Accelerated Development of Advanced High Strength Light Weight Alloys for Selective Laser Melting Process

Purpose and goal

In metal additive manufacturing (AM) the material diversity is limited. This is a consequence of high costs associated with alloy development which is traditionally heavily reliant on trial and error. The purpose of this study was to evaluate a novel methodology for the accelerated development of new alloys for metal AM processes. To this end, the Integrated Computational Materials Engineering (ICME) approach was used to find a new high strength aluminium alloy tailored for selective laser melting processing. A completely new aluminium composition was designed and evaluated.

Expected results and effects

A new aluminium alloy intended for the SLM process was computationally designed to have a good combination of strength and printability. The proposed composition is based on the Al-Cu-Mg system. A simple methodology based on welding trials was devised and applied in order to evaluate the printability of the new alloy in comparison with commercial aluminium alloys. This new methodology can be used in the initial phase of powder development and provides a simple and economic way to rank the printability of different alloys, without the need for producing powder.

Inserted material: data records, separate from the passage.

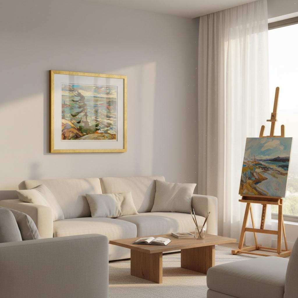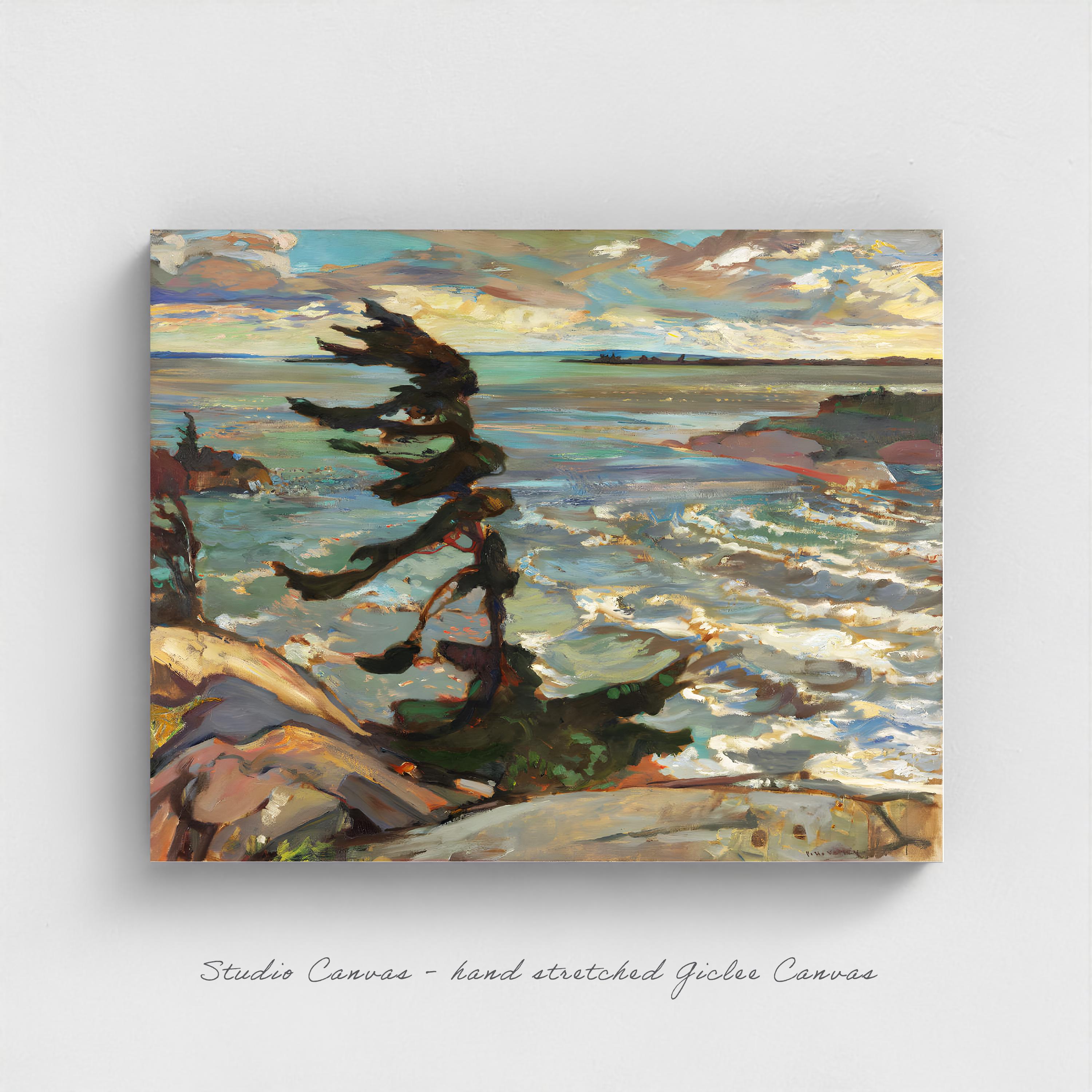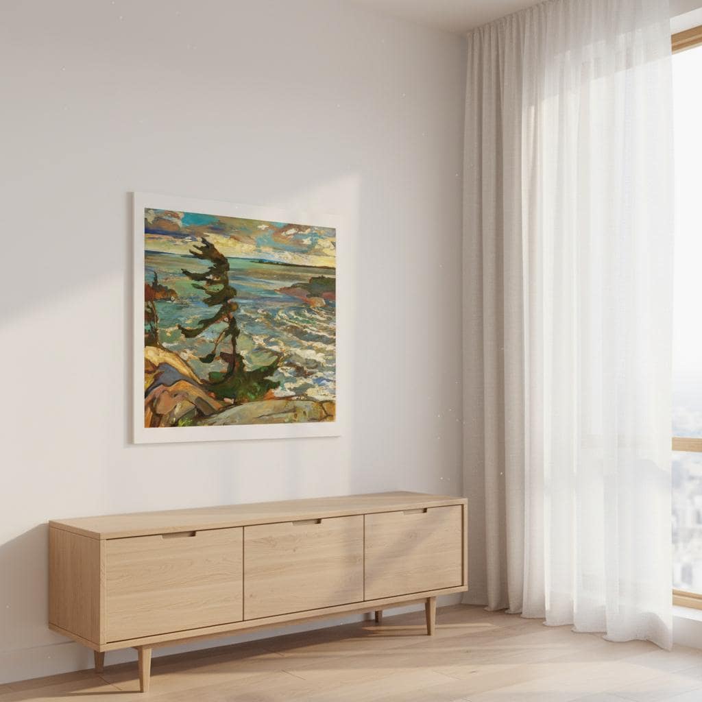 Bring home the painting born from a summer refuge on Georgian Bay — where a war-haunted artist found renewal among windswept pines and discovered that nature's storms could heal what human conflict had broken.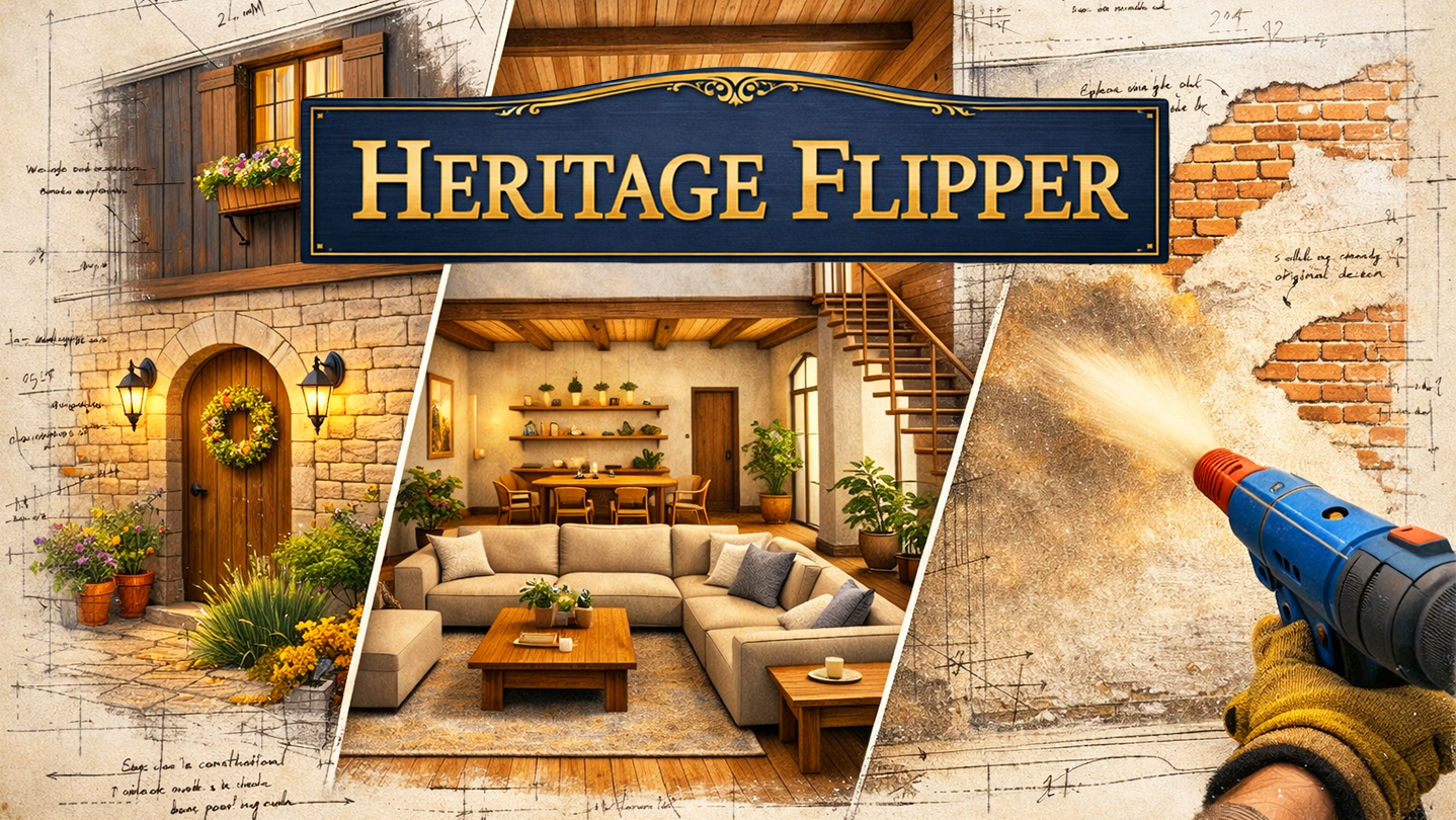 Heritage Flipper er en avslappende renoveringssimulator som utfordrer deg til å redde historien, ikke ødelegge den. Kjøp glemte ruiner, rens bort århundrer av forfall, og forvandle dem til betagende moderne helligdommer.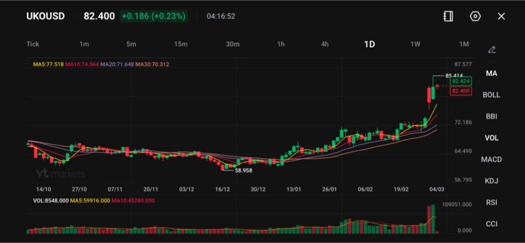 قیمت نفت همچنان بالاست. UKOUSD (نفت برنت) نزدیک ۸۲.۴۰ دلار معامله میشود و بعد از جهش قوی از کف دسامبر حوالی ۵۸.۹۶ دلار نزدیک سقفهای اخیر مانده است. «تحلیل فنی» یعنی بررسی نمودار قیمت و الگوها برای حدسزدن حرکت بعدی. ساختار کلی در نمودار روزانه روند صعودی روشنی را نشان میدهد؛ یعنی از ابتدای سال، سقفها و کفهای بالاتری ثبت شده است.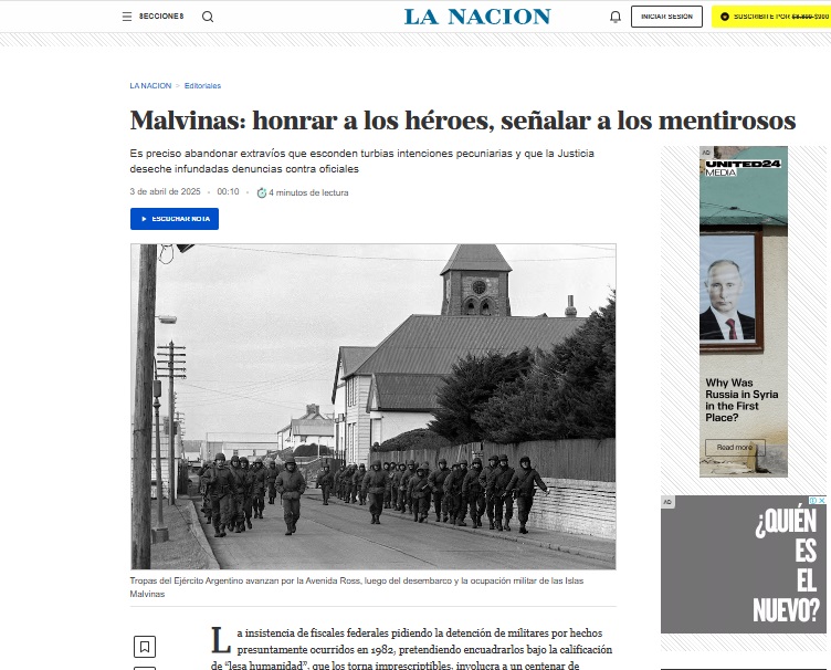 El Diario La Nación nos dedicó una nueva editorial, creo que vamos por la octava, a los que denunciamos las torturas sufridas por los soldados argentinos en las Islas Malvinas y buscamos Justicia. Le molestó el reciente fallo de la Camara de Casación que advierte la responsabilidad internacional del Estado por la existencia de Tratados de DDHH y remite el caso a la Corte Suprema, donde hace más de 4 años duermen varios expedientes sobre el tema, provocando una morosidad que se burla de la expectativa de las víctimas en obtener un tratamiento adecuado, luego de 18 años de calvario judicial.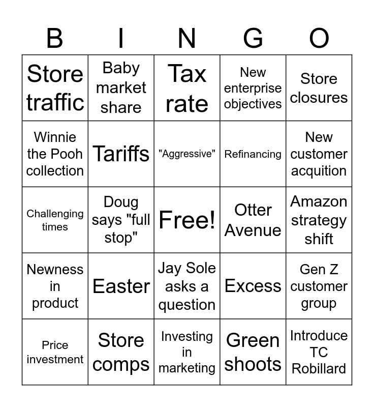 This bingo card has a free space and 33 words: Inventory position, FX rates, Doug says "full stop", Team refuses to answer analyst question, Newness in product, Tariffs, Store closures, Price investment, Baby market share, Return to growth, "Aggressive", Tax rate, Country of origin, "Privilege" to serve young families, Otter Avenue, New customer acquition, Store comps, Challenging times, Easter, Excess, Jay Sole asks a question, Basket starters, Store traffic, Amazon strategy shift, Investing in marketing, Introduce TC Robillard, New enterprise objectives, Refinancing, Winnie the Pooh collection, Gen Z customer group, Embrace the wonder of childhood, Green shoots and Legacy brands.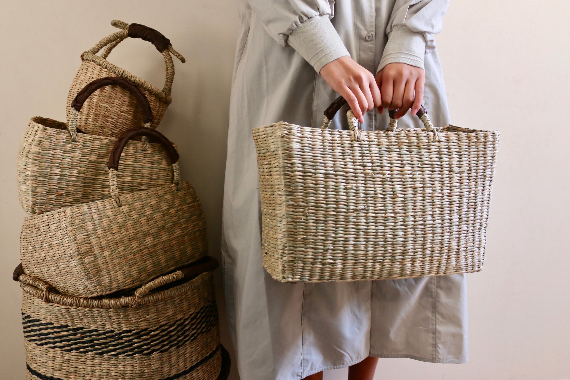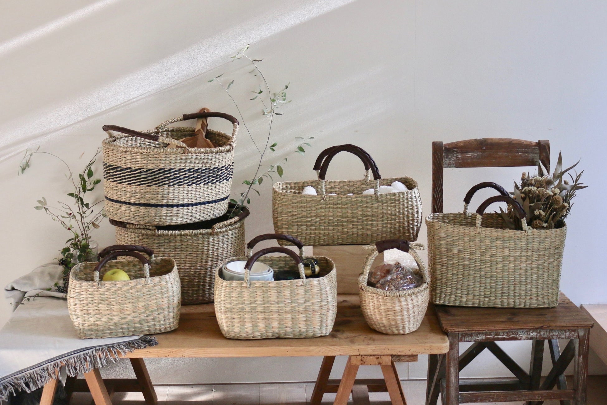 「シンシア シーグラスバスケット」は、あたたかみのある自然な色合いと、柔らかい手触りが魅力的な天然素材のカゴシリーズです。お出かけだけでなく、収納にも便利なサイズの7型展開。丁寧な暮らしに似合うよう、気の利いたサイズ感を追求しました。
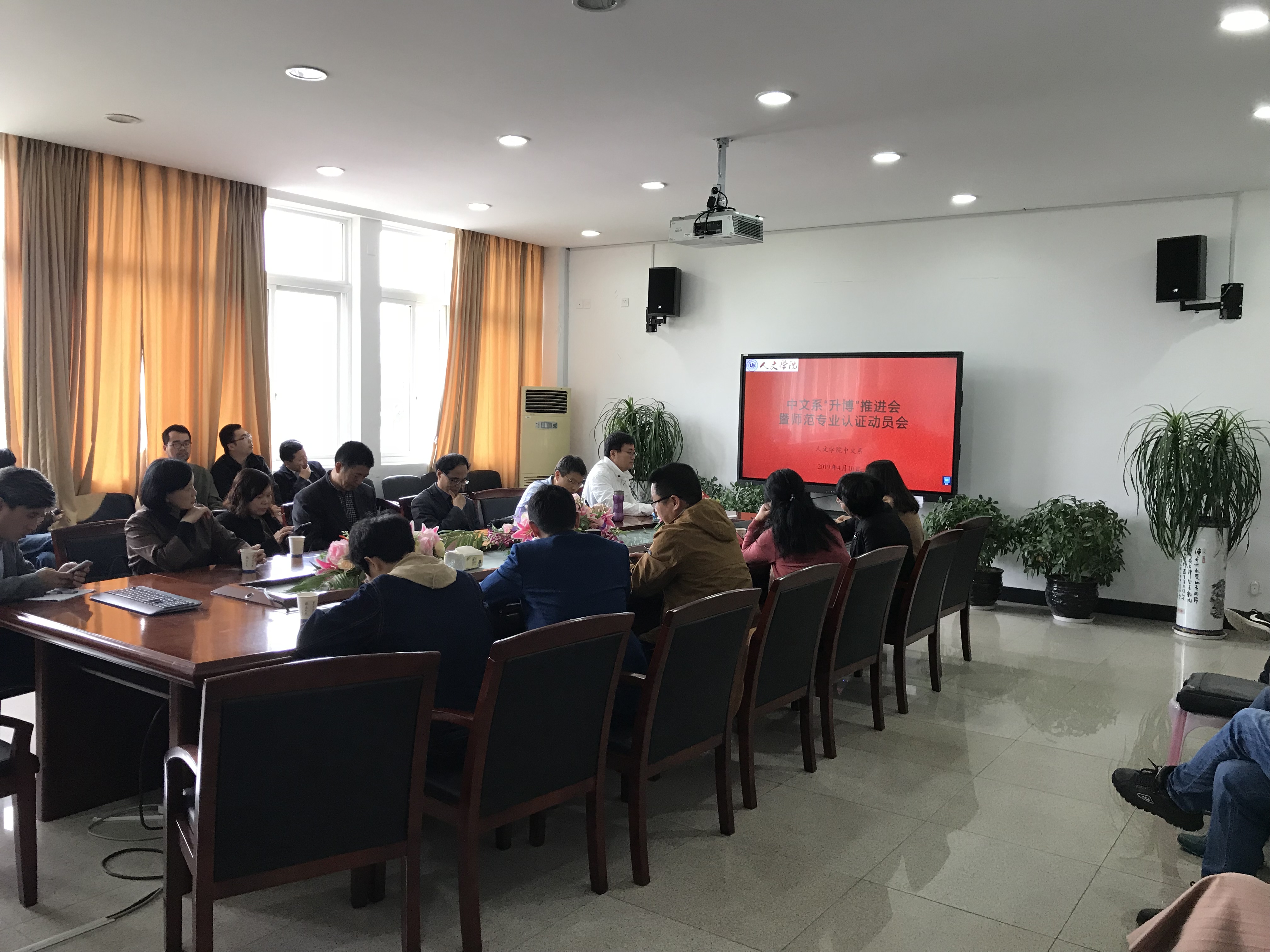 2019年4月10日下午,九色視頻 中文系在人文楼213会议室召开“升博”工作推进会暨师范专业认证动员会,学院院长孙良好、副院长郑春生及中文系全体教师参加了此次会议。会议由中文系主任陈源源主持。

Planned approach and implementation

The printability of the new alloy was determined by simple welding trials. To this end, the new alloy was produced by sand casting and several welding investigations were performed on the alloy in order to determine its printability/weldability. In terms of printability/weldability and strength, the new composition was compared with a number of commercial aluminium alloys such as AlSi10Mg and 7075. The results indicate that the new composition is worthy of further development and optimization. The project consortium consisted of RISE IVF, QuesTek Eruope and Höganäs.